- Define your lifestyle. Will you continue to work and live your current lifestyle? Or do you dream of traveling the world?
- Choose your target retirement date.At what age will you retire? Do you want early retirement?
- Assess the financial risks of retirement. Before you can put a realistic retirement plan in place, understand the five financial risks that can impact your retirement:
- A longer lifespan requires savings to last longer
- Inflation’s effect on the future purchasing power of today’s dollars
- An overly conservative asset allocation that may put you at risk for not being able to outpace inflation
- A withdrawal rate that depletes assets too quickly
- Rising health care expenses
Consider which risks you may be most susceptible to.
- Determine potential gaps in your savings strategy by estimating your income and expenses according to the number of years you expect to live off your savings. Fidelity estimates that retirees will need 80 to 100 percent of their pre-retirement income to live comfortably.

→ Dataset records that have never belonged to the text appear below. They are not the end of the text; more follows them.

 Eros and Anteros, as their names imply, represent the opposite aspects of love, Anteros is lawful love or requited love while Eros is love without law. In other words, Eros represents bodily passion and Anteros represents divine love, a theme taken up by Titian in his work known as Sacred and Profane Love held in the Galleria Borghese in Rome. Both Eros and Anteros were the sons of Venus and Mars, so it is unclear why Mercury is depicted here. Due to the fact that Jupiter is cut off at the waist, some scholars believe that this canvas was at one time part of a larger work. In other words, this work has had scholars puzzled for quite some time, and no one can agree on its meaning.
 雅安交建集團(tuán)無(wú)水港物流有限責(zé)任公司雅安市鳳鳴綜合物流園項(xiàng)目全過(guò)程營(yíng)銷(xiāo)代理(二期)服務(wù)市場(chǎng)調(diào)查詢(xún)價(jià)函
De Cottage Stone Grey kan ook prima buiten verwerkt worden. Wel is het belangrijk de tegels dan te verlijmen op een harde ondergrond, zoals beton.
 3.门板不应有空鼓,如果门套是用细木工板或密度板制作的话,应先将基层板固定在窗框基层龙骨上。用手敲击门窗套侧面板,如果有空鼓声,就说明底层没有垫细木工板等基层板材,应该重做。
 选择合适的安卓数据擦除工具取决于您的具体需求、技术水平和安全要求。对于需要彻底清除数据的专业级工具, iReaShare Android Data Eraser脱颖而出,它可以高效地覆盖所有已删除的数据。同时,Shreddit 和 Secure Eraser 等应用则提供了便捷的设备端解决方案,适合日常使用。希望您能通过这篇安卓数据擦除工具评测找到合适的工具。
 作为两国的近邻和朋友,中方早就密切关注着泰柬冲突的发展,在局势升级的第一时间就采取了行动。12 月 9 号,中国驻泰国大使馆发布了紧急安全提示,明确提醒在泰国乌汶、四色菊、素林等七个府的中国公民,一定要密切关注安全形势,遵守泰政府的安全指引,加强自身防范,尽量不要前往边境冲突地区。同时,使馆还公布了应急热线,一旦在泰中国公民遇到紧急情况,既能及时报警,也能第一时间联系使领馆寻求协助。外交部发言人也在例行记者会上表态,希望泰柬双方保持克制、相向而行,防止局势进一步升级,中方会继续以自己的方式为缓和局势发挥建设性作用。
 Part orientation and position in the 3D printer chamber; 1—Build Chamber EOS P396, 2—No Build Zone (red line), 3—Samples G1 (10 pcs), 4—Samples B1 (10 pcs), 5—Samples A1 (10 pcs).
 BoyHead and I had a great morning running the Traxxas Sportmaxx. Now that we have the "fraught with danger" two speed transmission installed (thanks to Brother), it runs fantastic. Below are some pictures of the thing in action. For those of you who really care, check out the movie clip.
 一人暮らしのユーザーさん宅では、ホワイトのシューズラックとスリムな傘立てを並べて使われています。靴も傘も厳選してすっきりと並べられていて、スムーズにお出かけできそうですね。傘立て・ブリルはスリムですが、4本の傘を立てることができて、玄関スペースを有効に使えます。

- Catch up on savings by investing the maximum into your 401(k)
before leaving the workplace.
Fidelity says that with the 2001 Economic Growth and Tax Relief and Reconciliation Act, eligible workers age 50+ can contribute an additional $4,000 to their workplace retirement plan in 2005 above the $14,000 annual limit, if their plan allows.
IRAs let you catch up by contributing an additional $500 in your 401(k)in 2005.